Species used as the suffix of the QC metrics. The first is the species of interest. Default is NULL.

species_gene_prefix

Species gene prefix used to calculate QC metrics for each species. Default is NULL.

species_percent

Percentage of UMI counts of the first species. Cells that exceed this threshold will be considered as kept. Default is 95.

seed

Random seed for reproducibility.
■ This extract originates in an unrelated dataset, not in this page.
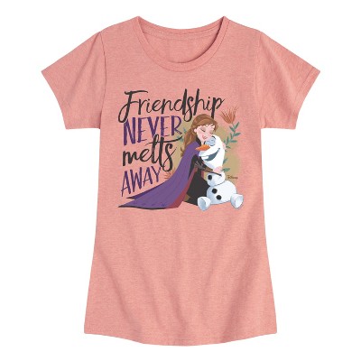 Disney Frozen 2 - Friendship Never Melts Away - Toddler & Youth Short Sleeve Graphic T-Shirt - Step into the unknown with Frozen 2 graphic apparel. Featuring Elsa, Anna, and their new adventures, these designs bring the epic journey to life with magical, frosty designs.

Default is 11.

Value

Returns Seurat object with the QC results stored in the meta.data layer.

Examples

data(pancreas_sub)
pancreas_sub <- standard_scop(pancreas_sub)
#>  [2026-03-20 09:12:37] Start standard scop workflow...
#>  [2026-03-20 09:12:37] Checking a list of <Seurat>...
#> ! [2026-03-20 09:12:37] Data 1/1 of the `srt_list` is "unknown"
#>  [2026-03-20 09:12:37] Perform `NormalizeData()` with `normalization.method = 'LogNormalize'` on 1/1 of `srt_list`...
#>  [2026-03-20 09:12:39] Perform `Seurat::FindVariableFeatures()` on 1/1 of `srt_list`...
#>  [2026-03-20 09:12:40] Use the separate HVF from `srt_list`
#>  [2026-03-20 09:12:40] Number of available HVF: 2000
#>  [2026-03-20 09:12:40] Finished check
#>  [2026-03-20 09:12:41] Perform `Seurat::ScaleData()`
#>  [2026-03-20 09:12:41] Perform pca linear dimension reduction
#>  [2026-03-20 09:12:42] Perform `Seurat::FindClusters()` with `cluster_algorithm = 'louvain'` and `cluster_resolution = 0.6`
#>  [2026-03-20 09:12:42] Reorder clusters...
#>  [2026-03-20 09:12:42] Perform umap nonlinear dimension reduction
#>  [2026-03-20 09:12:42] Perform umap nonlinear dimension reduction using Standardpca (1:50)
#>  [2026-03-20 09:12:46] Perform umap nonlinear dimension reduction using Standardpca (1:50)
#>  [2026-03-20 09:12:50] Run scop standard workflow completed
pancreas_sub <- RunCellQC(pancreas_sub)
#>  [2026-03-20 09:12:50] Data type is raw counts
#>  [2026-03-20 09:12:51] Data type is raw counts
#>  [2026-03-20 09:12:51] Data type is raw counts
#>  [2026-03-20 09:16:55] Data type is raw counts
#>  [2026-03-20 09:19:36] Running decontX
#>  [2026-03-20 09:19:48] decontX contamination (median/mean/max): 0.0136 / 0.1628 / 0.7465
#>  [2026-03-20 09:19:48] decontX assay stored as decontXcounts
#>  [2026-03-20 09:19:48] decontX decontamination completed
#>  [2026-03-20 09:19:48] decontX contamination estimates stored; no cells filtered because `decontX_threshold` is "NULL".
#>  [2026-03-20 09:19:49] ● Total cells: 1000
#> 957 cells remained
#> 43 cells filtered out:
#> 20 potential doublets
#> 0 high-contamination cells
#> 23 outlier cells
#> 0 low-UMI cells
#> 0 low-gene cells
#> 0 high-mito cells
#> 0 high-ribo cells
#> 0 ribo_mito_ratio outlier cells
#> 0 species-contaminated cells

CellStatPlot(
  pancreas_sub,
  stat.by = c(
    "db_qc", "decontX_qc", "outlier_qc",
    "umi_qc", "gene_qc",
    "mito_qc", "ribo_qc",
    "ribo_mito_ratio_qc",
    "species_qc"
  ),
  plot_type = "upset",
  stat_level = "Fail"
)
#> ! [2026-03-20 09:19:49] `stat_type` is forcibly set to "count" when plot "sankey", "chord", "venn", and "upset"
#> `geom_line()`: Each group consists of only one observation.
#>  Do you need to adjust the group aesthetic?
#> `geom_line()`: Each group consists of only one observation.
#>  Do you need to adjust the group aesthetic?